Just to underline Azerbaijan's clear pleasure at playing host and having the chance to show-off its city's new oil wealth-enhanced skyline to hundreds of millions across the globe, a venue was built in record time especially for the occasion. However, even the Baku Crystal Hall, the impressive 23,000-capacity concertina-shaped stadium on the edge of the Caspian Sea, came with controversies. Allegations arose that there had been forced evictions to make way for this sparkling palace to Eurovision.

In the end, the result proved to be the least controversial element of Baku 2012, with the runaway favourite, Sweden's Loreen, singing the Euro-trance anthemic Euphoria, racing to a considerable victory.

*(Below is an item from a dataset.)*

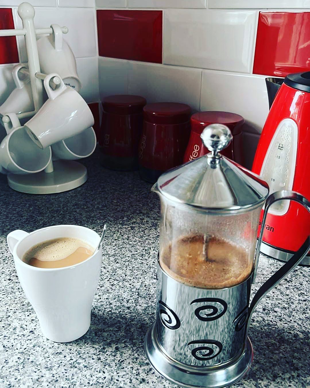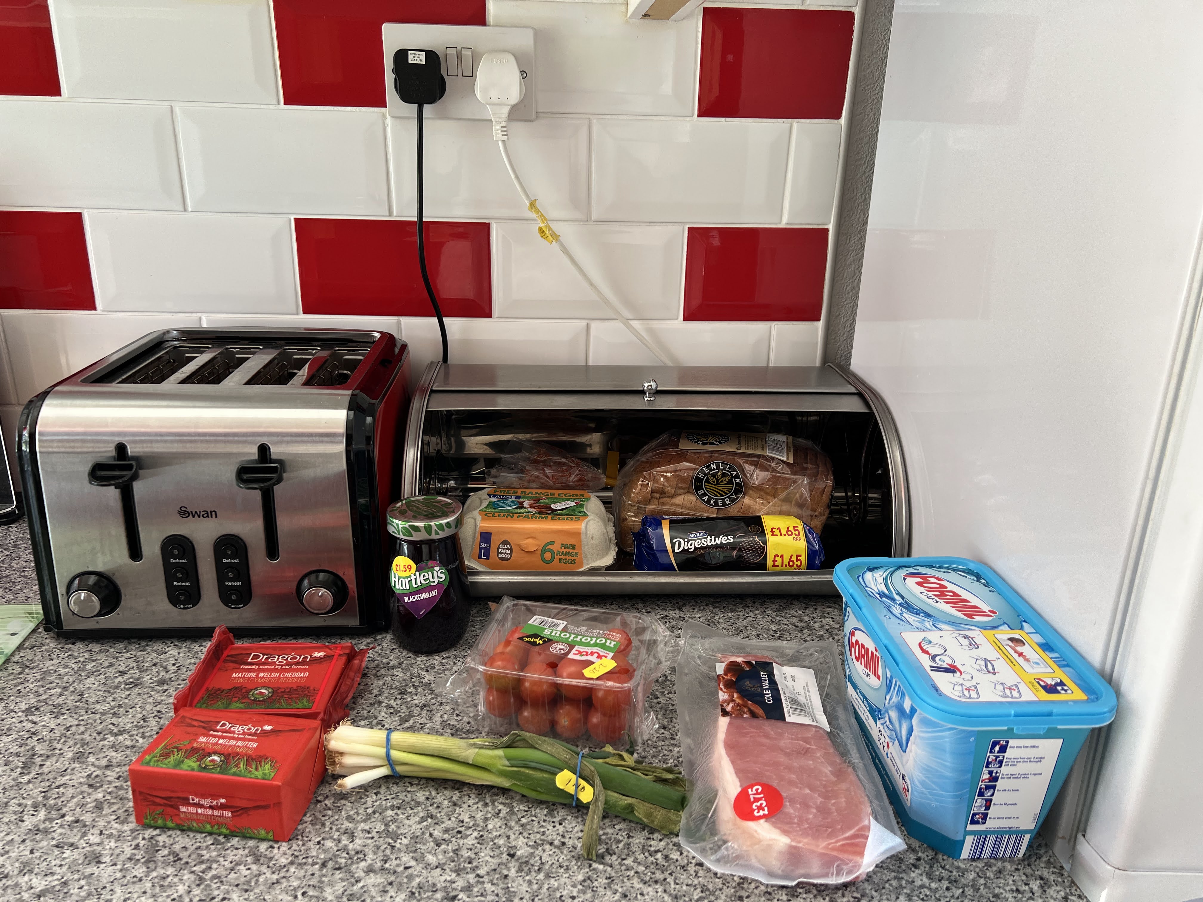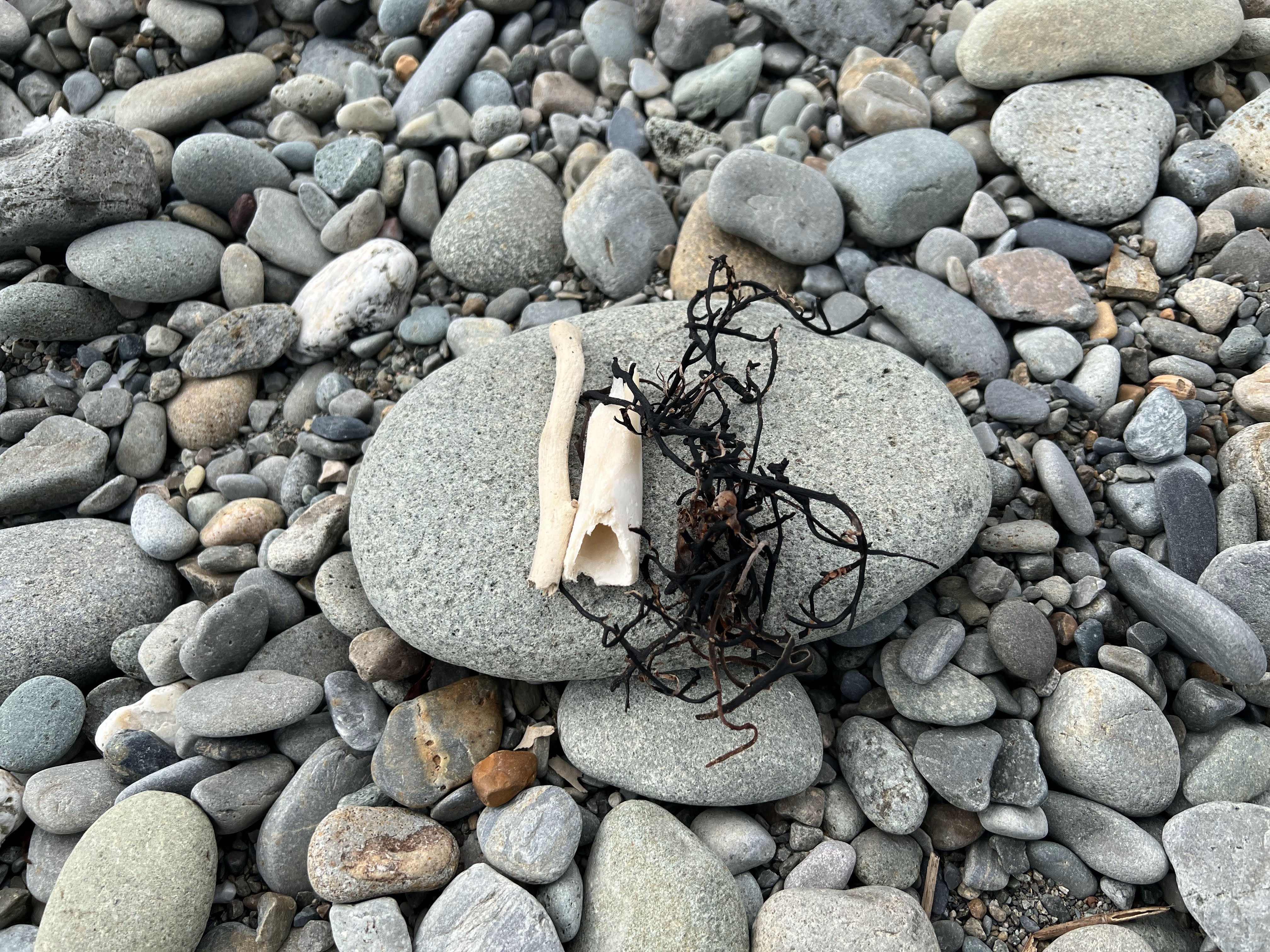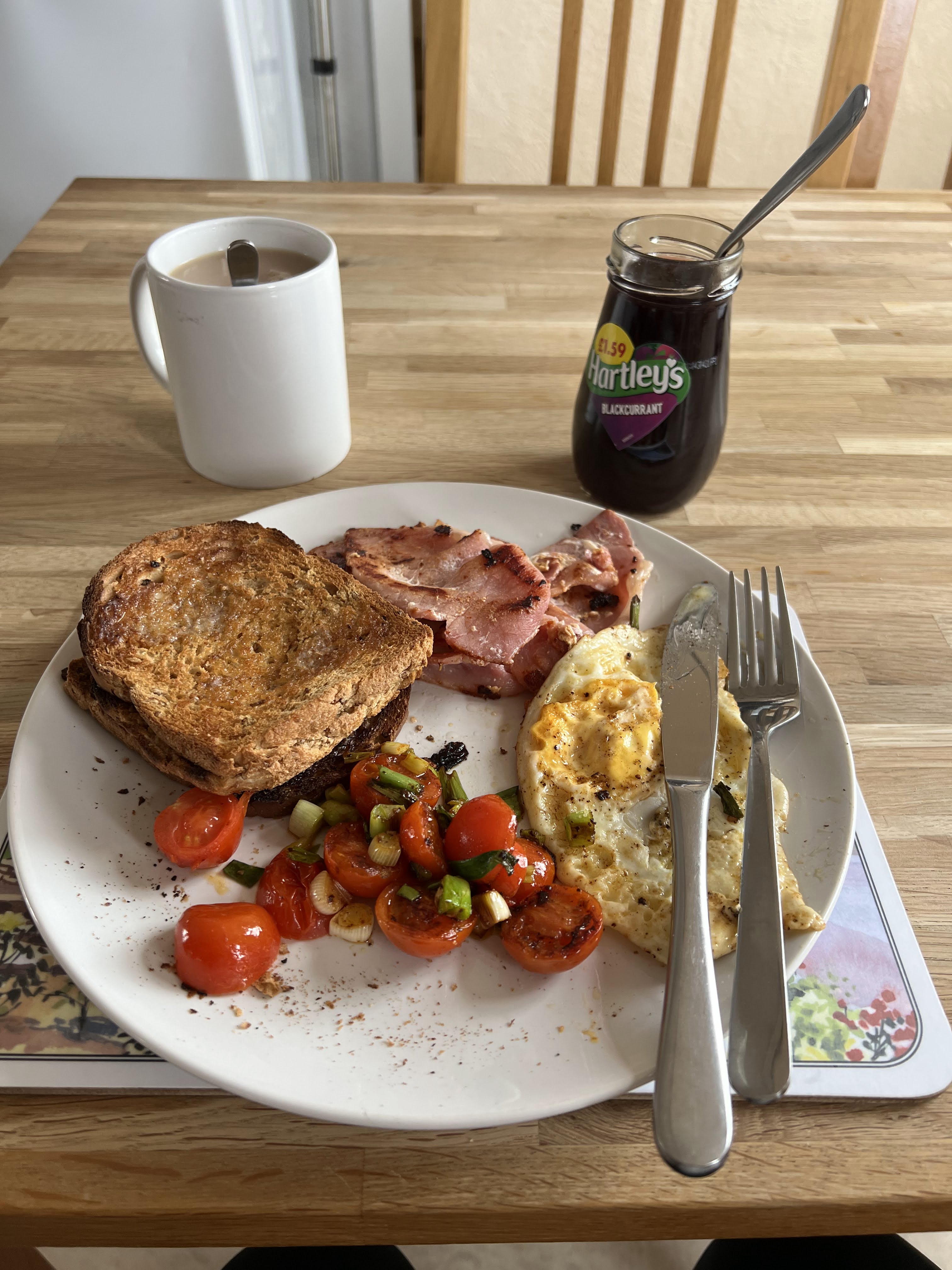 The hills behind my cottage. Green and velvety.The path to the sea runs along a creek.Mountains, sea, stony beach.Not sure if this was art or accident.Mt. Snowden back there somewhere.I love rock beaches. Love love love. The center rock (white with orange and red stripes) is the “spoke to me” rock that came home with me. The textures. Also, burbling water from a streamlet.End of the road.More Art by Nature.Such a pretty little village is Llwyngwril.Ye Shall Not Pass!!Whimsey, courtesy of village residents.Embiggen for clues!Clues.The Green Man Abides.Community Store Booty!This was the best. Just the best. I had brought some really lovely coffee with me from Hay-on-Wye.Perfect breakfast. Welsh bacon is SO GOOD! As are British eggs. And blackcurrant jam.My clothing was in sore, sore need of laundering at this point. First laundry in 2.5 weeks.I whiled away the afternoon, and it was lovely. Tea and McVities biscuits.A Hay find, Carol Shields’ “Larry’s Party” was excellent domestic drama, beautifully written.The evening sky.Still hours from sunset, dramatic celestial spotlights.

The heavy-fringed Loreen topped a classic Eurovision list of musical curiosities, a sounds-and-lights extravaganza that rarely broke away from the normal box ticks of "painfully cheesy", "excessive use of wind machine" and "weird".

Her closest rivals were the bizarre Buranova Babushkas, a six-strong unit of diminutive Russian grannies inviting the audience to a Party for Everyone, a party that appeared to be a Europop-laced shindig involving baking bread in a fake oven in the middle of the stage (don't ask) and then swaying from side to side while offering toothy grins. Then there was Lithuania's song - Love Is Blind - sung by a guy who came on with an eye mask (blind, hey?), before ripping it off and demonstrating his new-found vision with several cartwheels and a bit of air guitar. Turkey - a rather popular entry - involved a trio of caped dancers (there are always caped dancers) forming a makeshift boat with their outfits, while Malta's eye-wincingly pop-tastic effort appeared to have required the entire world's output of hair gel for one three-minute performance. The lead singer was spotted still wearing his one solitary glove at the after party later on.

A special mention should probably go to Ireland's identical twin jokesters Jedward, who made up for their complete lack of coordination or musical ability with a pair of impressive Elizabethan-style tin man suits. Their song, Waterline, saw a shower added to the centre of the stage, into which they jumped during the song's rousing climax - a move that surely risked some serious costume rust.

The UK hoped to bring home a victory having roped in the 73-year-old crooning legend Engelbert Humperdinck, a man who has been going almost as long as Eurovision itself. However, The Hump's Love Will Set You Free failed to capture the voters' hearts, possibly because it came first, or maybe simply because it was quite a forgettable song.

Having started at midnight in Baku for the western European audiences, it wasn't until way past three in the morning before the competition winners were announced and the Eurovision faithful could trudge back to their homes, hotels or the official after party in the appropriately named Euroclub.

As attention turns to Stockholm for next year (thankfully a far less controversial location), one question remained on the lips of anyone with a pair of ears. How could Albania, whose song seemed to largely consist of a woman shrieking in agony, come fifth?